Centers for Medicare & Medicaid Services Proposes Rule to Reverse Ban on Nursing Home Arbitration Agreements
By Michael A. Vercher, Partner
On Oct. 4, 2016, the Obama administration published a rule that, in its final form, banned pre-dispute arbitration agreements in nursing home contracts.
The ban was put on hold pending the resolution of litigation instituted by the American Health Care Association (“AHCA”) and other interest groups, but a proposed rule by the Centers for Medicare & Medicaid Services (“CMS”) issued on June 5, 2017, would rescind the absolute ban on arbitration agreements in nursing home contracts.
However, the CMS revisions would place certain new limitations on arbitration agreements including:
- All agreements for binding arbitration must be in plain language.
- If signing the agreement for binding arbitration is a condition of admission into the facility, the language of the agreement must be in plain writing and in the admissions contract.

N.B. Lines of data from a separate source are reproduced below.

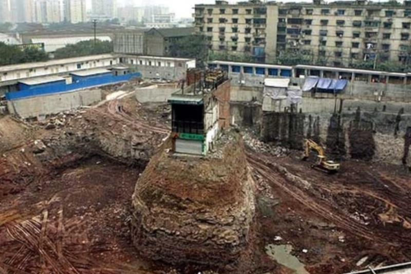 และแน่นอนว่าเป็นไปไม่ได้ที่ผู้สร้างจะยอมรับเงื่อนไขที่เขาเสนอมา เพราะในตอนแรกผู้สร้างเสนอค่าชดเชยให้ 1 ล้านหยวน (ราว 4.5 ล้านบาท) หลายบ้านบริเวณนั้นยินดีรับเงินดังกล่าวไว้และย้ายออกไป เหลือเพียงบ้านหลังนี้ที่ไม่ยอมย้ายออกไป ปัจจุบันผ่านไปแล้วกว่า 17 ปี สภาพบ้านกลายเป็นดังภาพที่เห็น
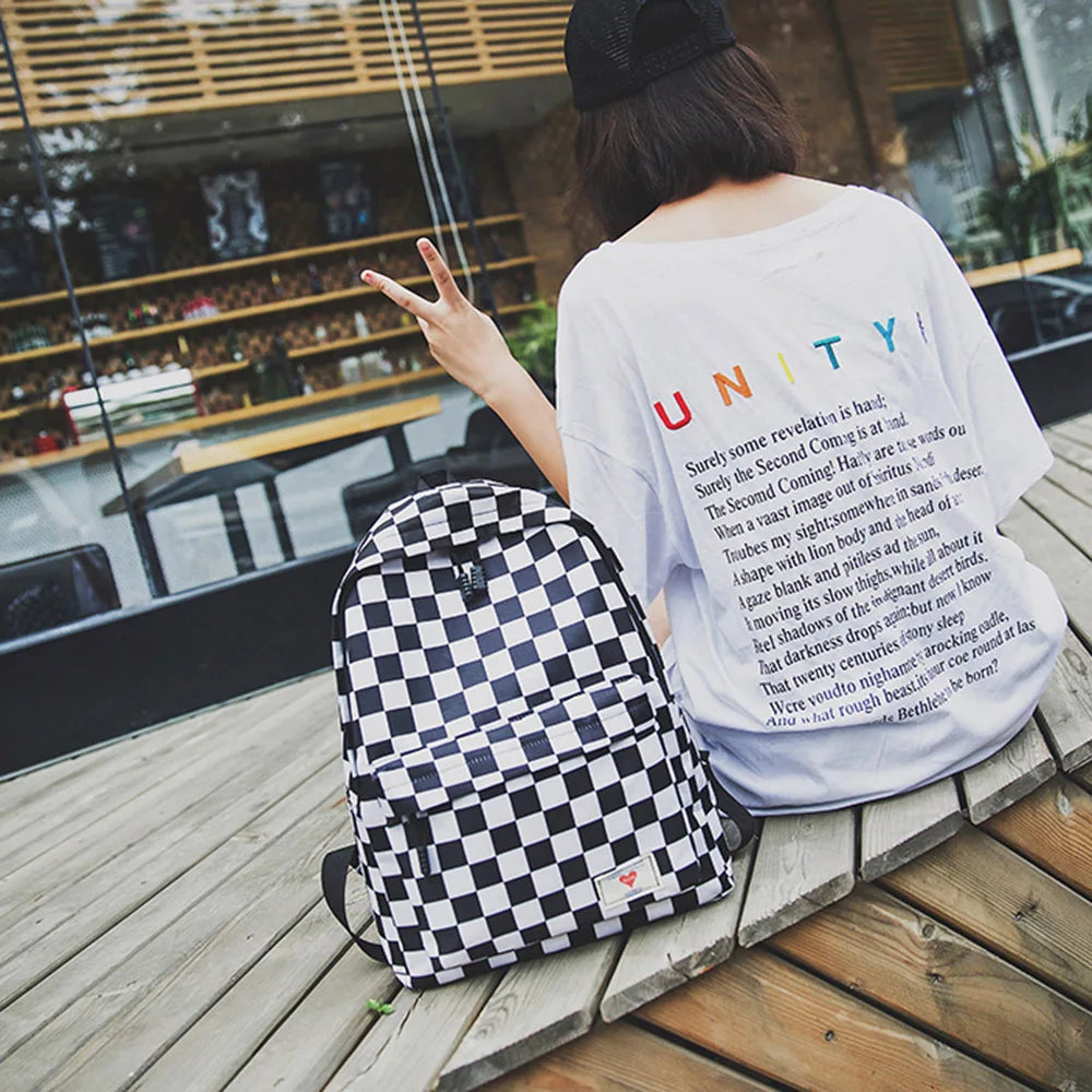 Joker Casual Canvas Backpack Plaid Zipper School Bag
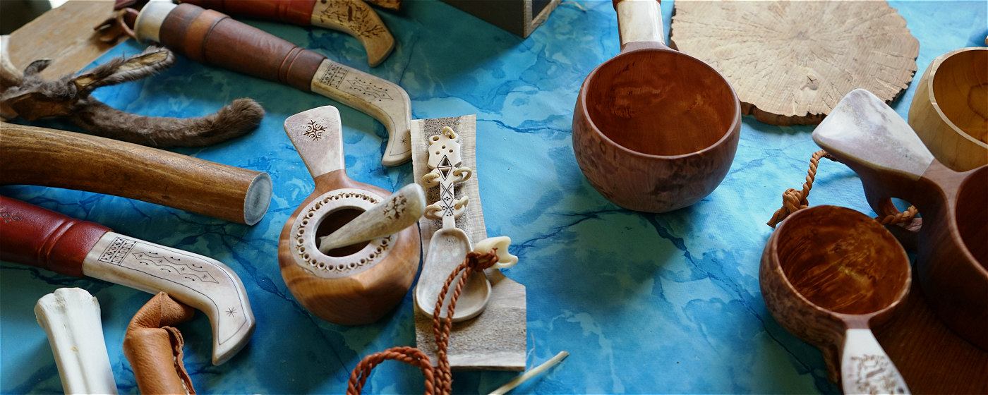 关闭早餐后,参观鹿角工坊。生活在芬兰北部奥纳斯河流域的拉普兰人,珍爱着古老的生活传统,世代传承着手工制作的技艺。设计师艾琳和埃利夫妇将自己的鹿角工坊建造于此。夫人Irene设计lappish元素的服装、首饰、配饰、雕刻等,先生Ari是以鹿角为主要原料制作灯具、手工芬兰刀的行家里手。他们家出品的鹿角灯价格不菲,在罗凡涅米甚至整个芬兰都非常著名。拉普兰旷野中的天然材料是设计师创作的源泉。鹿角工坊的产品都是由驯鹿皮、驯鹿角、桦树皮、枯木和桦树根瘤制作而成。这些原生态的素材,经过设计师的艺术加工,变成了精美的刀具、皮鼓、勺子、调味罐以及各种饰品。在鹿角工坊,您可亲自体验用鹿皮鹿角只做您心仪的小物品。

- The agreement must be explained to the resident and his or her representative in a form and manner they understand, including that it must be in a language they understand.
- The resident must acknowledge that he or she understands the agreement.
- The agreement must not contain any language that prohibits or discourages the resident or anyone else from communicating with federal, state, or local officials, including federal and state surveyors, other federal or state health department employees, or representatives of the State Long-Term Care Ombudsman.
- If a facility resolves a dispute with a resident through arbitration, it must retain a copy of the signed agreement for binding arbitration and the arbitrator’s final decision so it can be inspected by CMS or its designee.
- The facility must post a notice regarding its use of binding arbitration in an area that is visible to both residents and visitors.